Wall Street has high hopes for company earnings this spring, and weak results from the world’s largest health care products company, and one of the biggest financial firms, had them concerned. Johnson & Johnson took its biggest one-day loss in a year. Investors also looked for safety after the British government called for a surprise early election next month. Bond prices and the pound rose and European stock indexes tumbled.
The Standard & Poor’s 500 index shed 6.82 points, or 0.3 percent, to 2,342.19. The Dow Jones industrial average lost 113.64 points, or 0.6 percent, to 20,523.28. Goldman Sachs was responsible for most of that loss.
The Nasdaq composite fell 7.32 points, or 0.1 percent, to 5,849.47. The Russell 2000 index of small-company stocks recovered from an early loss and rose 0.71 points, close to 0.1 percent, to 1,361.89.
Johnson & Johnson stumbled after investors were disappointed with its sales. The maker of Tylenol and Band-Aids lost $3.90, or 3.1 percent, to $121.82.

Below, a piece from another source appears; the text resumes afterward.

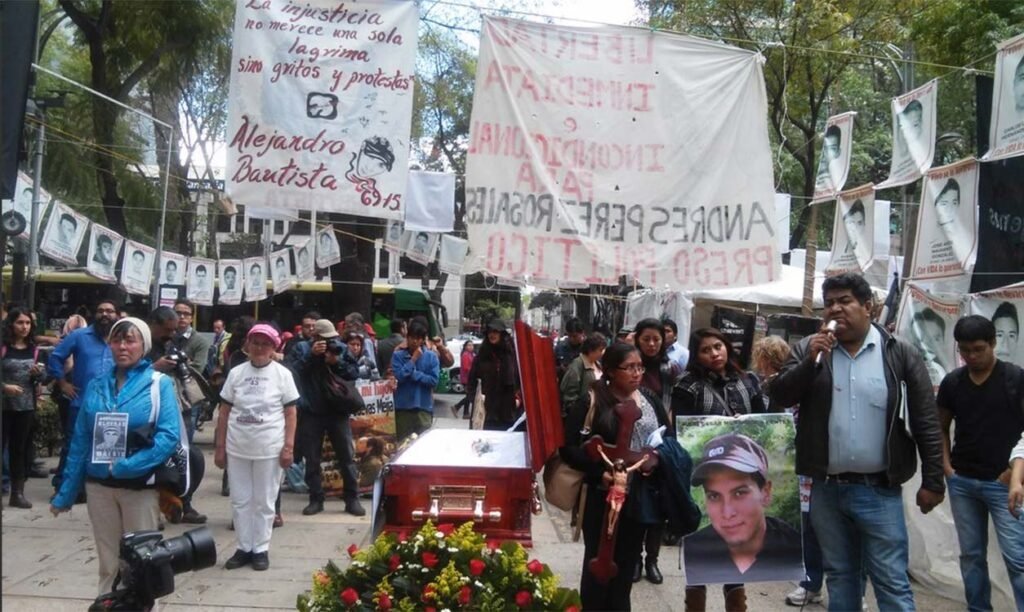 Durante la marcha, familiares y normalistas realizaron un funeral simbólico frente a las oficinas de PGR, en Paseo de la Reforma, donde colocaron un ataúd vacío en memoria de Julio César Mondragón. (Agencias)

Goldman Sachs’ revenue fell short of investor projections in the first quarter as its highly-regarded trading desks didn’t perform as well as their competitors. The stock gave up $10.6, or 4.7 percent, to $215.59, its biggest loss since June. The stock reached all-time highs above $250 a share in March.
As investors snapped up government bonds, their prices jumped. The yield on the 10-year Treasury note fell to 2.18 percent, its lowest since Nov. 11. It finished at 2.25 percent Monday.
U.S. crude oil futures lost 24 cents to $52.41 a barrel in New York. Brent crude, used to price international oils, lost 47 cents to $54.89 per barrel in London.
Wholesale gasoline fell 1 cent to $1.71 a gallon and heating oil dipped 1 cent to $1.62 a gallon. Natural gas lost 2 cents to $3.15 per 1,000 cubic feet.
Gold rose $2.20 to $1,294.10 an ounce. Silver skidded 24 cents, or 1.3 percent, to $18.27 an ounce. Copper fell 7 cents, or 2.6 percent, to $2.53 a pound.
The dollar slipped to 108.42 yen from 108.59 yen. The euro rose to $1.0730 from $1.0642.
The benchmark Nikkei 225 index in Japan added 0.4 percent while South Korea’s Kospi edged up 0.1 percent to 2,148.46. The Hang Seng of Hong Kong shed 1.4 percent.